November 02, 2018

Making digital radiography more accessible

Simplifying the MTF calculation during the optical design process for a less expensive and time-intensive design

Making digital radiography more accessible

The digital radiography market is growing—and it’s no wonder since flat-panel and other detectors present numerous benefits to the healthcare field. For example, patients are exposed to less radiation with digital x-rays than with traditional film x-rays. In addition, using sensors instead of film means that results can be read immediately versus waiting for film to process. Higher quality images can be lightened, darkened, or enlarged for greater clarity. What’s more, password-protected digital patient files are more secure than film printouts stored in filing cabinets.

The importance of MTF in developing digital detectors

Modulation Transfer Function (MTF) is an important method of describing the performance of an optical system. A consequence of applying Fourier theory to image forming optical systems, MTF describes the contrast in the image of a spatial frequency presented in the scene being viewed.

For imaging systems, the performance specification is often MTF at a given spatial frequency. This is especially important for systems with digital detectors, where spatial frequencies beyond a certain value are not needed and mid-range frequency performance is desired.

Optimizing directly on MTF is difficult, though. The calculation is computationally expensive and tends to behave badly in the early stages of a design, so that other optimization methods are needed until the system is very close to its final form.

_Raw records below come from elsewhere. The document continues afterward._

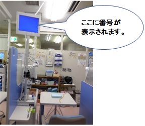- 採血の順番が近くなりましたら、中央採血室前の画面に番号が表示されますので中央採血室の中にお入りください。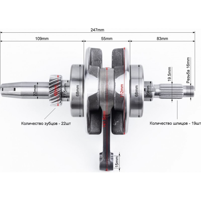 Коленвал+подшипники+шестерня CGB-200cc Viper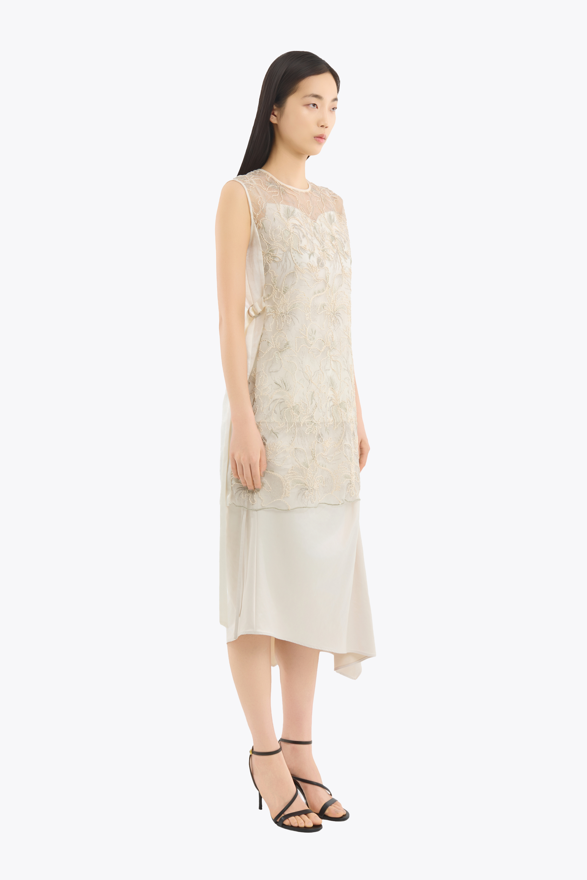 花びらの筋のようなカッティングのドレープがエレガントな印象を与える。裾はランダムなヘムラインに仕上げることで動きに奥行きをもたらすと同時に足捌きを軽やかに演出する。素材とのコントラストでカジュアルなアイテムとも相性が良い1着。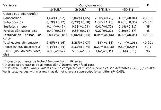 Table 5. Feed costs and income over feed costs (IOFC) in dairy farms affiliated to Dos Pinos Cooperative grouped in clusters based on the percentage of type of food in the diet, areas of forage and cut and carry pastures, and the daily time animals spend in pastures. Costa Rica. 2014.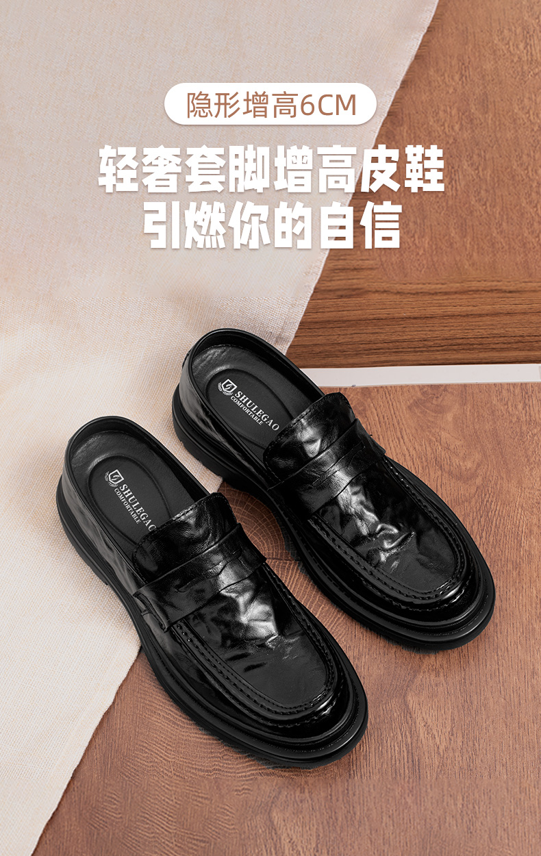 舒乐高男鞋皮鞋男款内增高10cm商务正装鞋男真皮德比鞋厚底结婚鞋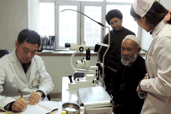 12月3日,乌鲁木齐普瑞眼科医院专家齐聚,为岳普湖县10名严重眼病患者进行了系统的眼部检查及会诊工作。据了解,由新疆维吾尔自治区商务厅联合乌鲁木齐普瑞眼科医院共同开展的“普瑞之光·惠民生光明行”活动,于2014年11月在喀什地区岳普湖县筛查出32名严重眼病患者后,12月1日岳普湖县10名严重眼病患者首批来到普瑞眼科医院接受治疗。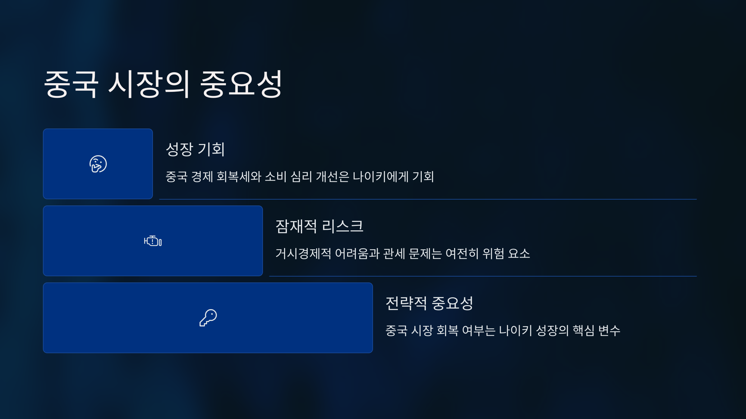 중국 시장의 회복 여부는 나이키의 성장에 중요한 변수입니다.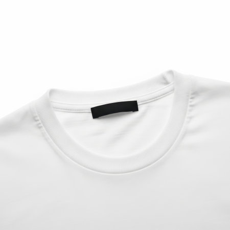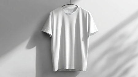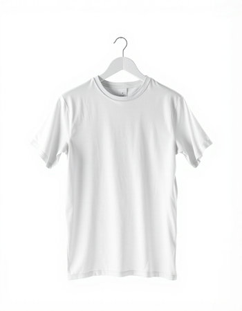 A simple white shirt is laid flat on a clean surface. The shirt has short sleeves and a round neck. It shows no designs or patterns and is bright under natural light.

The Contrast Optimization feature in OpticStudio largely solves these problems. Instead of calculating the full MTF, it measures the phase differences in the exit pupil across a distance corresponding to the desired spatial frequency in the MTF. This quantity can be used to construct a merit function during optimization that has a minimum in the same location as the MTF. The method is much faster and more well-behaved than a direct optimization on the MTF value—and can help optical designers get to a high-confidence digital detector design, faster. Our customers tell us that Contrast Optimization can help speed MTF by up to 30 times faster.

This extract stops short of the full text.